As I See It
Now the bigger boys are finding bank loans tough to access
A slump in business lending to companies came as something of a surprise after all the recent indications from the British Bankers Association, the umbrella group, that more money was being made available.
Even more surprising, perhaps, was that larger firms, rather than SMEs, were the ones to suffer.
Overall lending to non-financial firms fell by £5.5 billion in June, marking the sharpest fall since records began in May 2011. This followed a rise of £818 million in May.
The British Chambers of Commerce said the figures were a concern and put a question mark over the ability of business to raise the investment required from the banks. Of course, the banks will argue that they are responding to demand and these figures suggest companies have become a little more cautious.
There is one other explanation: that, in spite of the availability of cheap money, more companies – particularly larger companies – have given up on bank lending and are looking elsewhere for capital, mainly the equity and bond markets.
Companies are also cash-rich, having accumulated funds during the post-crash period which they are now either returning to shareholders or using to fund growth.
Zurich Insurance Group, for instance, is considering a £5 billion offer for RSA and says it will be “solely” in cash.
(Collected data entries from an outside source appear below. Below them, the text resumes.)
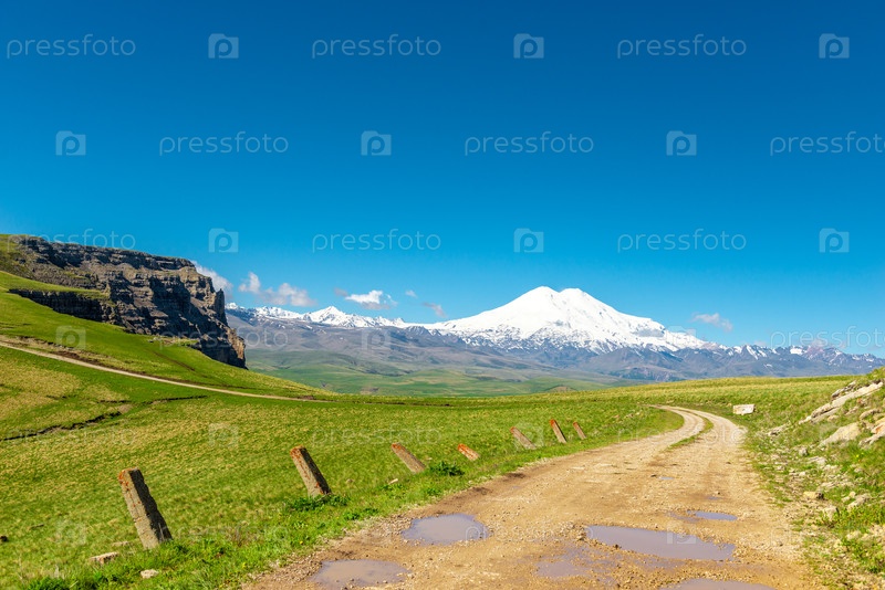 Грунтовая дорога на плато, ведущая к плато Канжол с видом на вулкан Эльбрус. Россия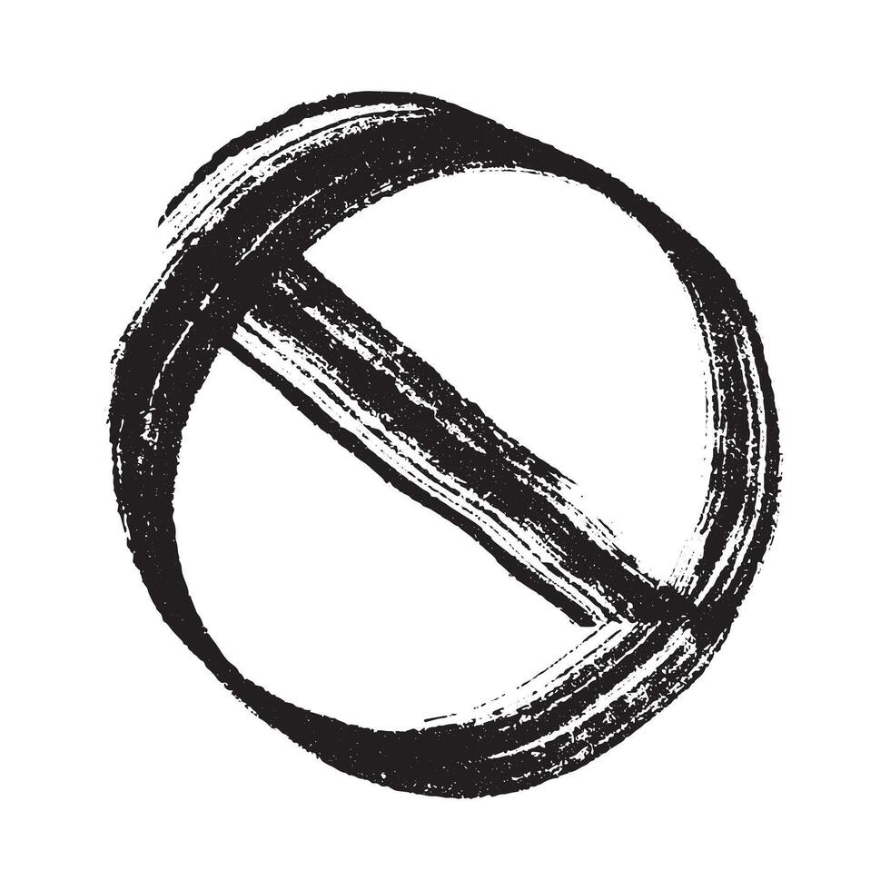 Hand drawn prohibition sign No entry symbol Black circle with cross line clipart in doodle style Ban Restriction Forbidden stop Single element for print, web, design forbidden limit Pro Vector
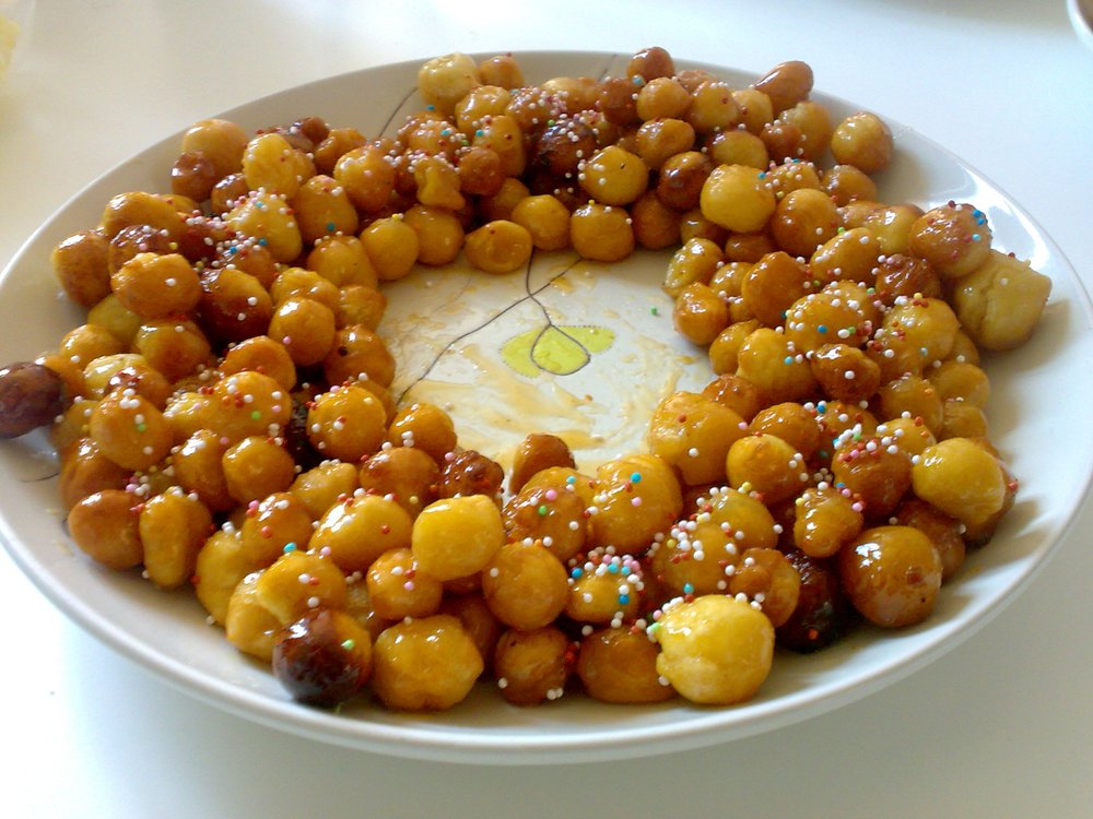 In einem weiten Topf den Honig bei schwacher Hitze verflüssigen (nicht kochen). Die frittierten Bällchen (und optional kandierte Früchte) hineingeben und vorsichtig wenden, bis alle rundherum mit Honig überzogen sind.

This is a shift from last year when stock was more commonly used. However, with all the FTSE100’s gains lost this year as a result of volatility around Greece and China, companies may have reverted to non-stock deals.
Certainly there is no sign of a downturn in the M&A market. The third quarter has begun with the highest ever value of M&A transactions announced in any July since 2008, deals valued at £207 billion were 20.9% higher than July 2014.
On average , the monthly value of M&A during 2015 has been £192bn; if M&A continues at this pace 2015 will surpass 2014’s post-crisis high and even be on the verge of eclipsing 2007’s peak of £2.37 trillion. Already in July, five of this year’s global top deals have made it into the top 20.